Reuters Hong Kong | Updated on November 17, 2020 Published on November 17, 2020

The e-commerce company’s results on Monday indicate a quicker Covid-19 recovery than Jack Ma’s industry giant

JD.com’s good year might get better. Shares of the $149-billion Chinese e-commerce company are rising, even as draft antitrust rules have caused those of its larger, aggressive rival Alibaba to fall. JD’s adjusted quarterly earnings highlight how boss Richard Liu’s inventory model has shone through the pandemic, and why it might now be in line for a longer-term boost as Beijing moves to rein in technology giants.

JD has long been in the shadow of the $700-billion Alibaba founded by Jack Ma.
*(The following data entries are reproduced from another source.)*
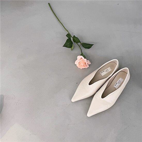 パンプス レディース フラットシューズ ポインテッドトゥ フェイクレザー エコレザー ローヒール 2cmヒール ぺたんこ シンプル きれいめ カジュアル レトロ 脚長 美脚 オフィス 靴 おしゃれ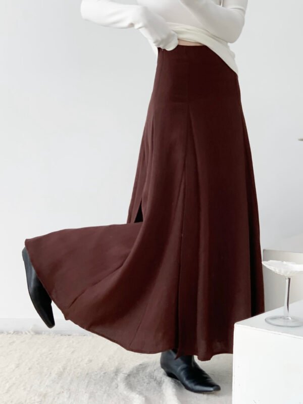 立體活頁設計 天絲亞麻茶褐開衩半裙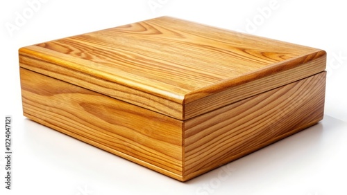 Wooden Box, Rectangular Box, Natural Wood Box, Isolated Wooden Crate, White Background, Lateral View, Empty Wooden Container, Rustic Wooden Box, Side View Wooden Box

While investors have spent years fawning over Alibaba’s asset-lighter business, Liu has struggled to justify his company’s heavy spending and lower profitability as he built out an Amazon-like structure.

Patience has paid off. JD has navigated this year’s pandemic disruptions faster than Alibaba: Results announced on Monday showed net revenue for the quarter ending September rose 29 per cent year-on-year and non-GAAP operating margin hit 3 per cent, continuing an upward trend. After more than doubling since the start of the year, the company’s New York-listed shares slumped some 7 per cent following the results. Even so, JD now trades at about 39 times’ forward earnings, compared to Alibaba’s 22 times’.

ALSO READ: Alibaba records billions in sales as China’s first post-virus Singles’ Day kicks off

Official scrutiny

Bigger gains may yet come as competition watchdogs increase scrutiny over the sector. Draft rules published last week target practices like restricting businesses from selling on rival platforms. Alibaba not only had about 315 million more annual active customers than JD in the 12 months ended September, but has also been a frequent target of such complaints from merchants. Investors are betting that smaller rivals will benefit: Shares of Alibaba have slid some 11 per cent since November 9, whereas shares of JD are now flat and smaller peer Pinduoduo are up.

After the shock halt earlier this month to the initial public offering of Alibaba’s payments affiliate, Ant, it is easy to wonder if officials are singling out companies built by founder Jack Ma, who has been openly critical of regulations. China’s final e-commerce rules will confirm if smaller really is better or if the pain will be more evenly spread. For now, its a good time for JD to be the other Alibaba.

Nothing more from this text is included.